Tuberculosis (TB) is an airborne infectious disease caused by the bacteria Mycobacterium tuberculosis. The two most common types of tests to screen for this disease are the Mantoux PPD tuberculin skin test, which is generally considered the most reliable, and the TB tine test. These tests are screening tools that are designed to help identify individuals who may have been infected by the tuberculosis bacteria. A diagnosis of tuberculosis is never made based on the results of a TB skin test, but requires further testing including a sputum culture and a chest x ray.

Purpose
 

Because TB is spread through the air, especially in poorly ventilated areas, it is more commonly found among people living in crowded conditions, such as jails, nursing homes, and homeless shelters. Often, a TB skin test will be given as part of a physical examination when a person is hiring a new employee, particularly for those individuals seeking employment in the healthcare or food service professions.

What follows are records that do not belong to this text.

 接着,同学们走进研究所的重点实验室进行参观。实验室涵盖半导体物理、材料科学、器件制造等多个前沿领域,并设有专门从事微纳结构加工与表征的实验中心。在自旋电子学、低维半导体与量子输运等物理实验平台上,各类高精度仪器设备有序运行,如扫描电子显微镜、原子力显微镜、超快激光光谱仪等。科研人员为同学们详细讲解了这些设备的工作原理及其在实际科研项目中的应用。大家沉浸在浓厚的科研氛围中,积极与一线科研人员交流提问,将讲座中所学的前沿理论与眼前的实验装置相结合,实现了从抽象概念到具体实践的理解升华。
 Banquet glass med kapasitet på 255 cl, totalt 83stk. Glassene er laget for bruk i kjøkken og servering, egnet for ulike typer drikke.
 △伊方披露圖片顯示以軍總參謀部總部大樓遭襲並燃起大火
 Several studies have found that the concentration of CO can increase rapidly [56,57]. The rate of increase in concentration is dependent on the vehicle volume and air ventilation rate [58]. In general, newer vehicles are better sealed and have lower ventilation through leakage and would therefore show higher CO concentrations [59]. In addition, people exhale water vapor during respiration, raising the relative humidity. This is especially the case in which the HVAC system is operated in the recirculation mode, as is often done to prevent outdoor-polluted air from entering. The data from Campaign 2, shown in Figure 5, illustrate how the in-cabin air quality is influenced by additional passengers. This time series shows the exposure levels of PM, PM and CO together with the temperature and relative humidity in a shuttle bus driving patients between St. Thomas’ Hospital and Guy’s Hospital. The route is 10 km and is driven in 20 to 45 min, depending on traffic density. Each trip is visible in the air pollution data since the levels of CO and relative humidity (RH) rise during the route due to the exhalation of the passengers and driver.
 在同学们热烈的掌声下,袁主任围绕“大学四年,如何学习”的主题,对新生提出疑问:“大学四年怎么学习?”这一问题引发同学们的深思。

People can be exposed to TB without showing any symptoms or necessarily developing the disease. Individuals with normally functioning immune systems generally prevent the spread of the bacteria by "walling off" or encysting the bacteria within the body. Anyone who has had close contact with someone who has active tuberculosis (such as a friend or family member); has been around someone with active TB; has a weakened immune system (immunocompromised), either from a chronic disease, such as HIV infection, or as a result of a tissue or organ transplant or other medical treatment designed to suppress the immune system; or displays symptoms of the disease should be tested. Symptoms include a persistent cough, fever, weight loss, night sweats, fatigue, and loss of appetite. Often, individuals must receive the test in order to enter school or begin work.

Precautions
 

Although generally considered safe, it is important to inform the person conducting the test if you may be pregnant, have had a positive TB test in the past, or have had tuberculosis in the past. People who have had a positive TB test in the past will probably always have a positive test and should not be tested again. Also, anyone who is known to have active TB should not be tested because the local reaction to the test may be so severe that it requires surgical care.

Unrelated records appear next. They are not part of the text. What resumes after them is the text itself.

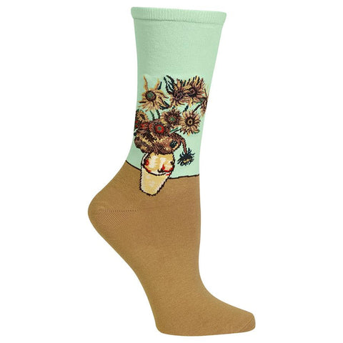 This very detailed sock from the Hot Sox Artist Series, features Van Gogh's classic Sunflowers painting on a lovely mint colored background. Fits women's shoe size 4-10.5. Content: 58% cotton, 35% nylon, 2% spandex, 1% rubber, 4% other fiber.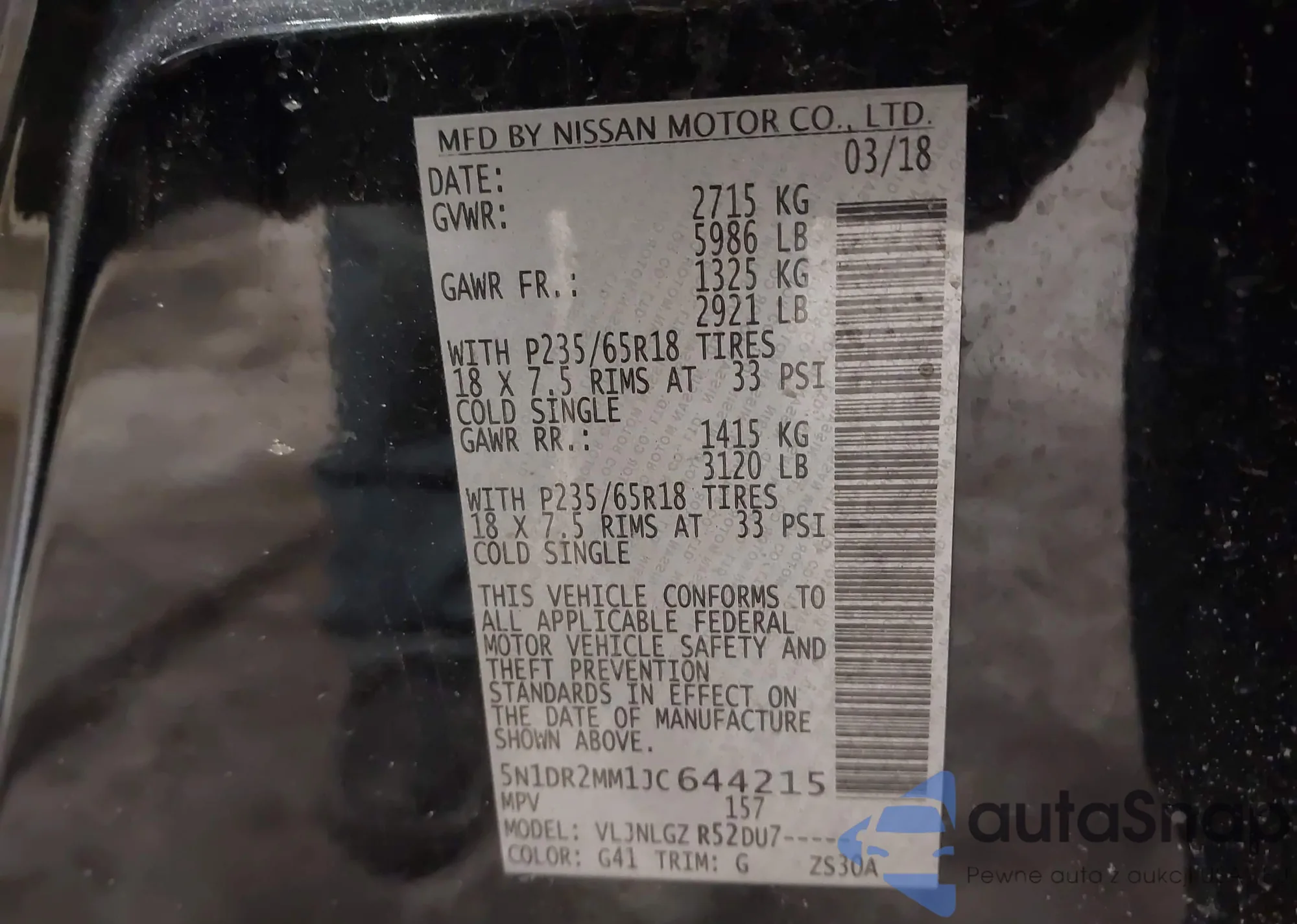 LOT: 44368862 VIN: 5N1DR2MN0JC645459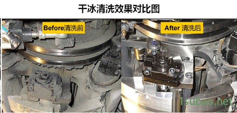 干冰颗粒与沙粒、核桃壳、塑料粒和其他磨损性介质不同。由于干冰颗粒不具有磨损性,所以采用干冰清洗机作业不会损伤磨具,不会破坏公差,对轴承和机械都不会造成损伤。而且,还可以避免在线清洗模具拆装过程中的意外损伤。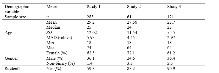 Table 2 summarizes the demographic information available for the participants of the three studies. Regarding demographic information, age, gender, and whether participants were currently enrolled university students, were assessed in all three studies. Considering student status, we did not differentiate between graduate and undergraduate students. Furthermore, the information was entirely based on self-report, that is, we did not verify with the universities about participants’ student or enrollment status.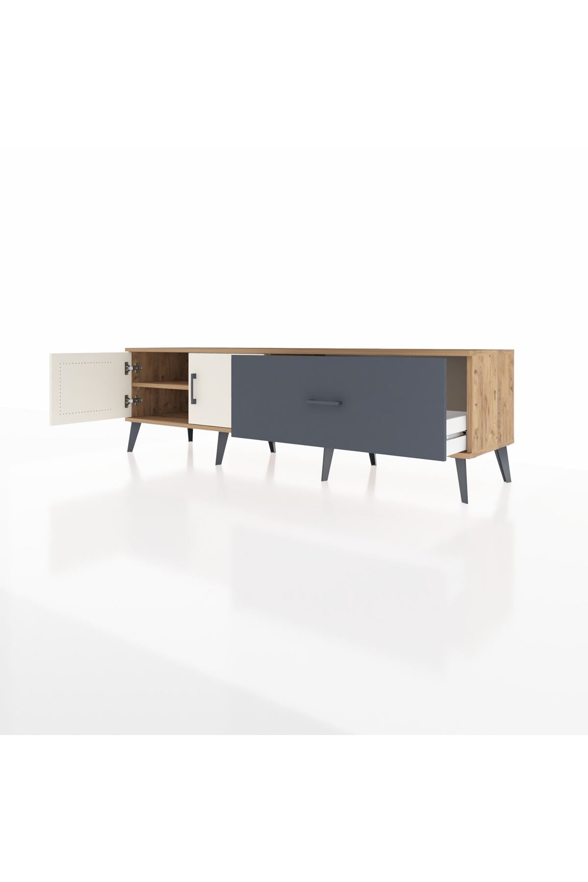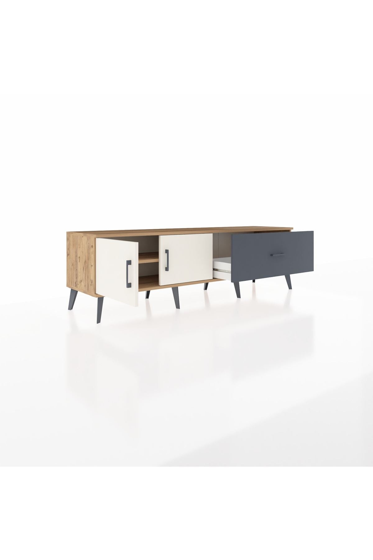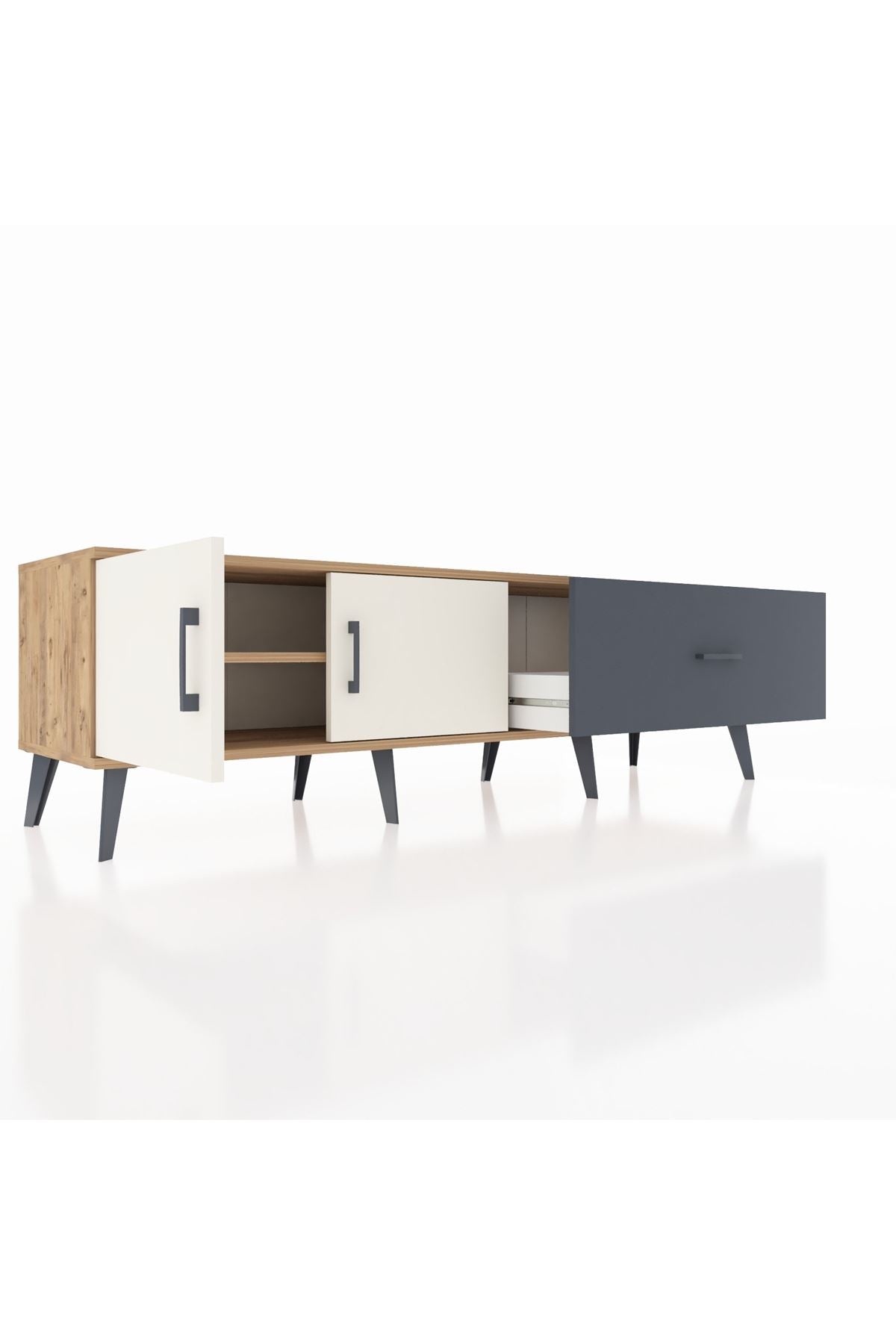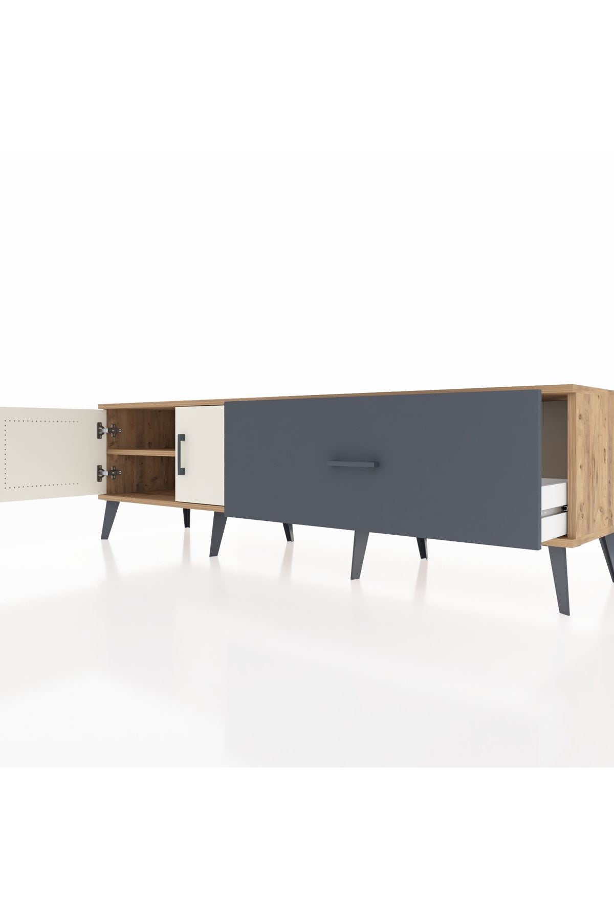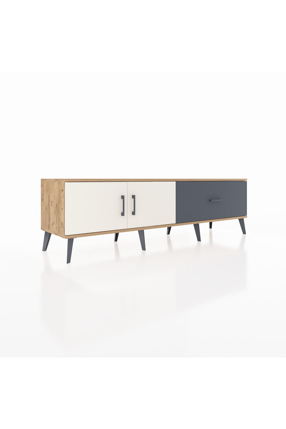 Hyperion TV Ünitesi Tek Raflı Tek Çekmeceli 2 Kapaklı 176x44x51 Çam-Aytaşı/Antrasit

There are several situations when the TB test results might not be accurate. These includes situations involving people who:

 

Description
 

TB skin tests are usually given at a clinic, hospital, or doctor's office. Sometimes the tests are given at schools or workplaces. Many cities provide free TB skin tests and follow-up care. The Mantoux PPD tuberculin skin test involves injecting a very small amount of a substance called PPD tuberculin just under the top layer of the skin (intracutaneously). Tuberculin is a mixture of antigens obtained from the culture of M. tuberculosis. Antigens are foreign particles or proteins that stimulate the immune system to produce antibodies. Two different tuberculin preparations are available, Old Tuberculin (OT) and Purified Protein Derivative (PPD). The test is usually given on the inside of the forearm about halfway between the wrist and the elbow, where a small bubble will form as the tuberculin is injected. The skin test takes just a minute to administer and feels more like a pinprick than a shot.

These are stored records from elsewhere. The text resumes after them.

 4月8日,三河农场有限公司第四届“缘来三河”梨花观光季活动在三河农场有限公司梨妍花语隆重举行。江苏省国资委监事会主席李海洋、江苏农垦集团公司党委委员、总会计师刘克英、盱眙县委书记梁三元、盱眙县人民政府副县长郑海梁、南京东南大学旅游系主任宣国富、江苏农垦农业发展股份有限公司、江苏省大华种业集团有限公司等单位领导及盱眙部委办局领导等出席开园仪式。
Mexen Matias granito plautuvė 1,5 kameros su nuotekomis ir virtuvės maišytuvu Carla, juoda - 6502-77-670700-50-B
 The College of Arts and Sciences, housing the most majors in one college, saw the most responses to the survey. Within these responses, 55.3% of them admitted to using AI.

After 48-72 hours, the test site will be examined by a trained person for evidence of swelling. People who have been exposed to tuberculosis will develop an immune response, causing a slight redness or swelling at the injection site. Reactions may not peak until after 72 hours in elderly individuals or those who are being tested for the first time. If there is a lump or swelling, the health care provider will use a ruler to measure the size of the reaction.

The other method of TB skin test is called the multiple puncture test or tine test because the small test instrument has several small tines that lightly prick the skin. The small points of the instrument are either coated with dried tuberculin or are used to puncture through a film of liquid tuberculin. The test is read by measuring the size of the largest papule. Because it is not possible to precisely control the amount of tuberculin used in the tine test, a positive test should be verified using the Mantoux test. For this reason, the tine test is not as widely used as the Mantoux test and is considered to be less reliable.

Preparation
 

There is no special preparation needed before a TB skin test. A brief personal history will be taken to determine whether the person has had tuberculosis or a TB test before, has been in close contact with anyone with TB, or has any significant risk factors. Directly before the test, the skin on the arm at the injection site is usually cleaned with an alcohol swab and allowed to air dry.

Aftercare
 

After having a TB skin test, it is extremely important to make sure that the patient keeps the appointment to have the test reaction read. The patient is instructed to keep the test site clean, uncovered, and to not scratch or rub the area. Should severe swelling, itching, or pain occur, or if the patient has trouble breathing, the clinic or health care provider should be contacted immediately.

Risks
 

The risk of an adverse reaction is very low. Occasionally, an individual who has been exposed to the TB bacteria will develop a large reaction in which the arm swells and is uncomfortable. This reaction should disappear in two weeks. A sore might develop where the injection was given, or a fever could occur, but these are extremely rare reactions.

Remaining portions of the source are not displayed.